My favourite Montreal book...

Missing Fred Astaire

A review of Missing Fred Astaire by P. Scott Lawrence

Published on January 1, 2006

Missing Fred Astaire
P. Scott Lawrence

I wasn’t yet a Montrealer when I first started reading Montreal writers. On my first visit here in 1988 from Los Angeles, I’d picked up Telling Differences, a wonderful anthology of short stories edited by Linda Leith. So this was Montreal. Le vrai Montréal.

I loved it already. I was especially struck by “Missing Fred Astaire,” P. Scott Lawrence’s story about a man musing from the dock of a rented chalet in the Laurentians. He’s editing a physics text, but what he’s mostly doing is missing his wife, away in Hong Kong on a business trip with no known return date, missing his daughter, missing the way things were. And missing Fred Astaire, who’s just died, and “who made it look so easy.” I was led like one of Astaire’s partners – bent, spun, held – as I read this story of coming of middle-age.

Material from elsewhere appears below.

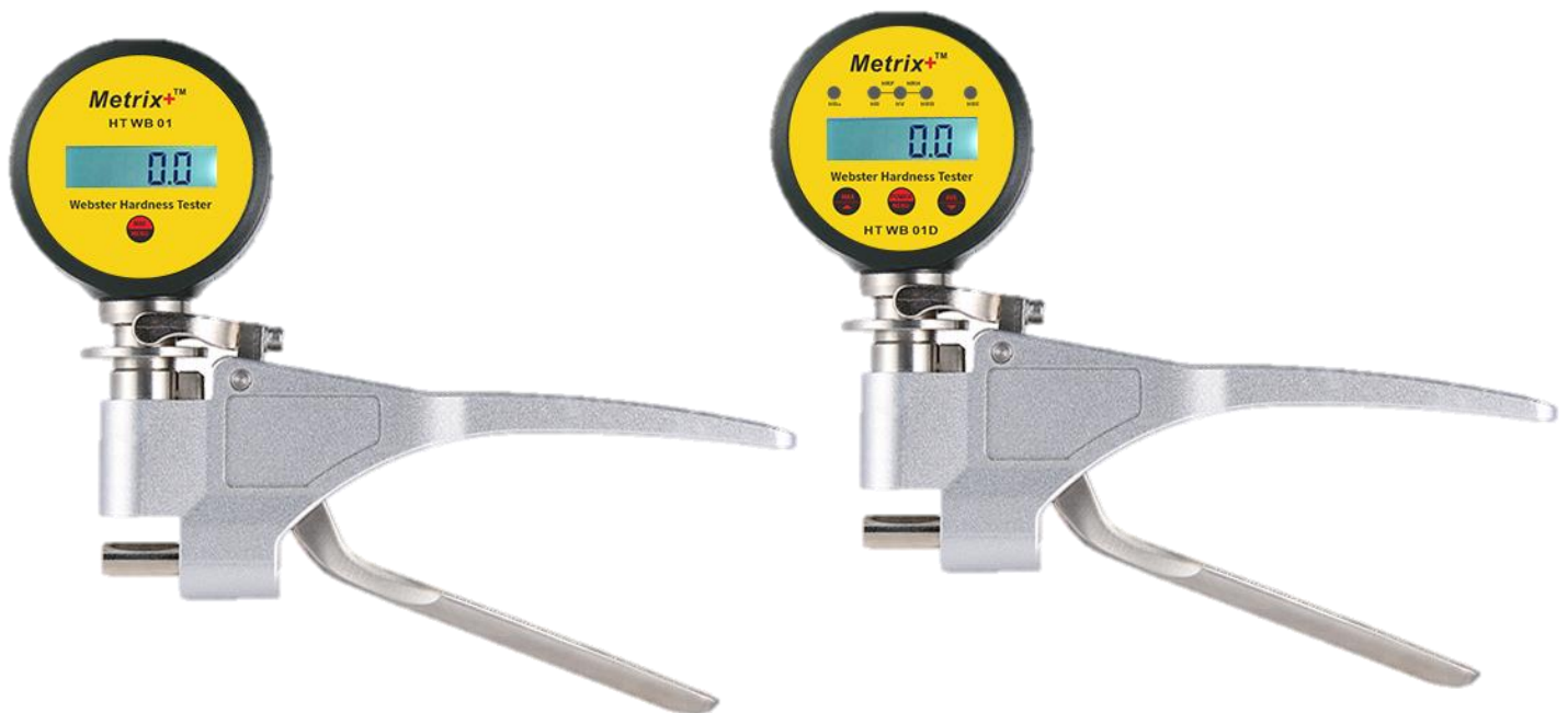
Presser/ Needle Type

One image in particular has never left me after all these years. As his wife is walking to the car that is taking her to the airport and so far beyond that, the narrator notes that she is wearing his favorite dress. It’s blue and made of silk that shimmers along her hips. “The sash of her dress was twisted in the back like a Moebius strip. I remember thinking at the time – such a simple and prim design, does she know how erotic it is?”

When P. Scott Lawrence’s book of short fiction, Missing Fred Astaire, came out five years later, I read the story again, and all the other stunners in this collection. Uncertainty and hope; denial and acceptance; the myriad minor adjustments known as adulthood. This is Lawrence country. I reread the stories recently and found myself moved across the dance floor again, missing P. Scott Lawrence. mRb

Denise Roig's latest story collection, Any Day Now, was published by Signature Editions.